[Data excerpt]
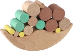 Zaujímavá šikovnosť hra Balansujúce drevo. Hra spočíva v usporiadaní čo najväčšieho počtu farebných, rôzne veľkých blokov na drevo v tvare mesiaca.
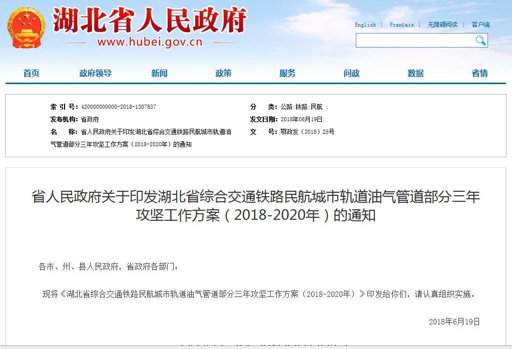 湖北省政府官网发布了《湖北省综合交通铁路民航城市轨道油气管道部分三年攻坚工作方案(2018-2020年)》。
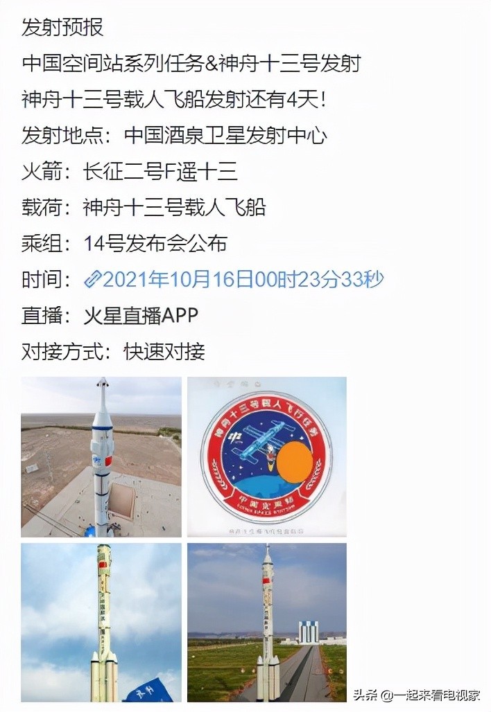 神舟十三号将乘载3名航天员在太空生活,与十二号不同的是,这一次他们将在太空生活6个月,据悉十三号会在10月16号发射,发射直播时间是几点呢?在哪里发射?因为很多人不能在现场观看发射,所以只能通过直播观看,我们可以在哪里观看发射现场直播呢?
[/Data excerpt]
## What is being asked
Reproduce the entire listing exactly, except for any pictures it contains.

## Problem solution
 Zaujímavá šikovnosť hra Balansujúce drevo. Hra spočíva v usporiadaní čo najväčšieho počtu farebných, rôzne veľkých blokov na drevo v tvare mesiaca.
 湖北省政府官网发布了《湖北省综合交通铁路民航城市轨道油气管道部分三年攻坚工作方案(2018-2020年)》。
 神舟十三号将乘载3名航天员在太空生活,与十二号不同的是,这一次他们将在太空生活6个月,据悉十三号会在10月16号发射,发射直播时间是几点呢?在哪里发射?因为很多人不能在现场观看发射,所以只能通过直播观看,我们可以在哪里观看发射现场直播呢?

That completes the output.